The most important portions of the Fermi surface are either those in which this approximate nesting condition is satisfied over a substantial region of the Fermi surface, or in which the Fermi velocity is small (density of states is large)."
4. For a spatially anisotropic [nematic] band structure there is a large parameter range where is a remarkable near degeneracy of a singlet (d + s)-wave and a triplet p-wave pairing channel.
5. a well ordered orbital current-loop state is incompatible with superconductivity, at least for weak-coupling. [This does not preclude superconductivity due to fluctuating orbital currents, as proposed by Varma].
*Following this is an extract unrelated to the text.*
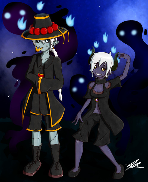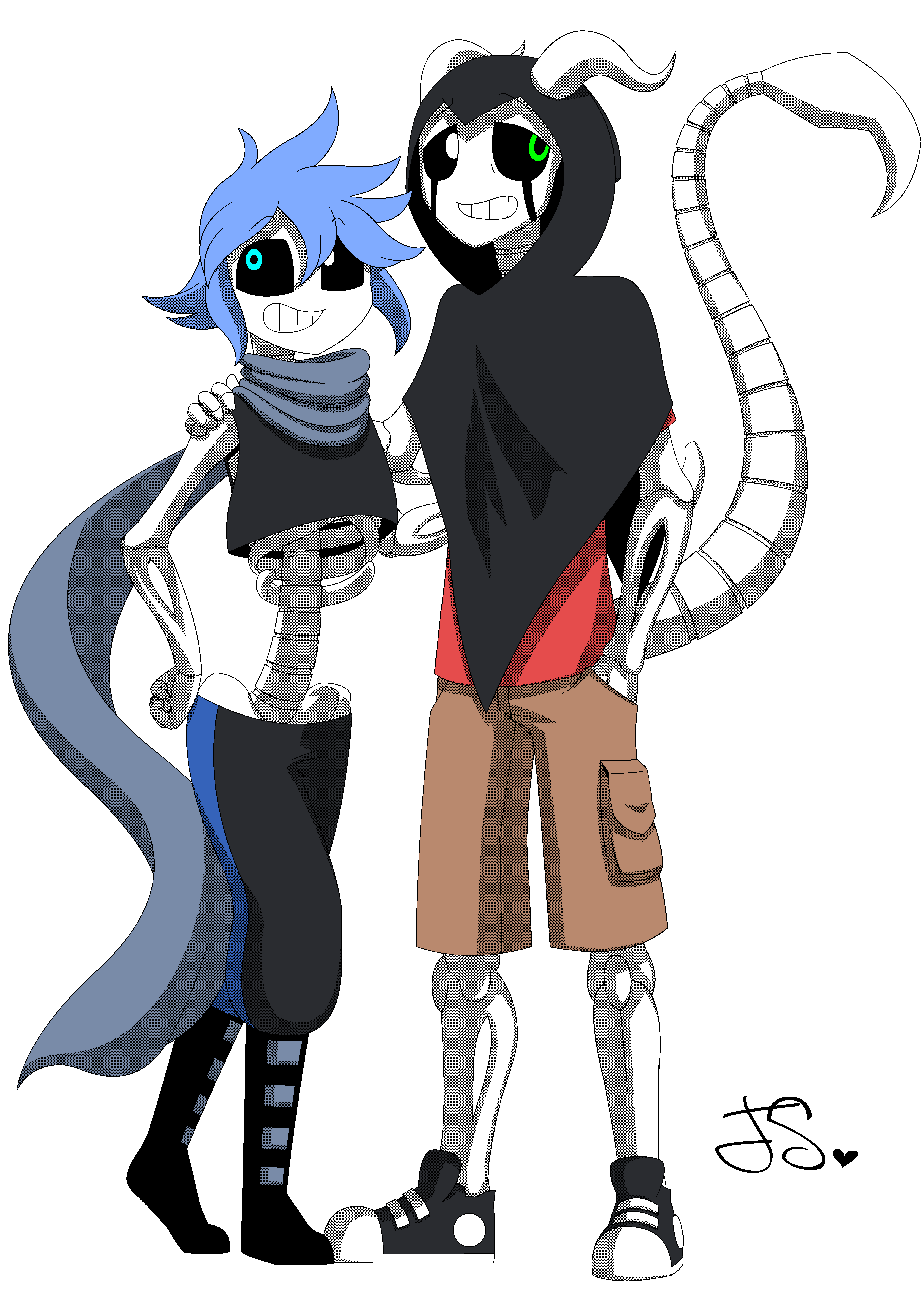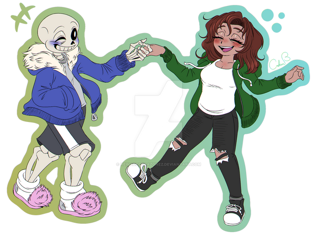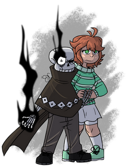 Commission for me, done by GolzyDee of my mascot/self insert and my Gaster Industries AU Sans.This is one of the two images I commissioned recently. I totally forgot that my mascot has long hair like I used to have. XD I may need to adjust that. Either way, I like this take.

There are three more situations I would like to see this weak-couping approach and formalism applied to.
a. The Hubbard model on the anisotropic triangular lattice at half filling.
Ben Powell and I showed that within an RVB [strong coupling] theory that as the frustration t'/t changed [and the band structure and Fermi surface changed accordingly] that the superconducting pairing symmetry changed from A2 [dx^2-y^2] to A2+iA1 [d+id] to A1 [d_xy].
We interpreted this as "Symmetry of the Superconducting Order Parameter in Frustrated Systems Determined by the Spatial Anisotropy of Spin Correlations"
[The isotropic triangular lattice [t'=t] case was considered earlier with perturbative RG by Raghu, Kivelson, and Scalapino, and with functional RG by Honerkamp. Both found d+id superconductivity.]
b. The "purple bronze" Li0.9Mo6O17
Jaime Merino and I recently considered the simplest possible extended Hubbard model that might describe this quasi-one-dimensional material. It consists of ladders that are weakly coupled to one another and at quarter-filling.
An outstanding question concerns whether this model will produce the observed superconductivity, which is probably triplet.
c. The extended Hubbard model on the square lattice at one-quarter filling.
Using a slave boson approach Jaime Merino and I showed that due to charge fluctuations near the charge-ordering transition there is d_xy superconducting order.
b. and c. require the extension of the weak-coupling approach that including the nearest neighbour repulsion V. This is included in this paper using the same formalism.
I thank Srinivas Raghu for bringing this work to my attention and explaining some key details. He also provided some helpful corrections to the first version of this post.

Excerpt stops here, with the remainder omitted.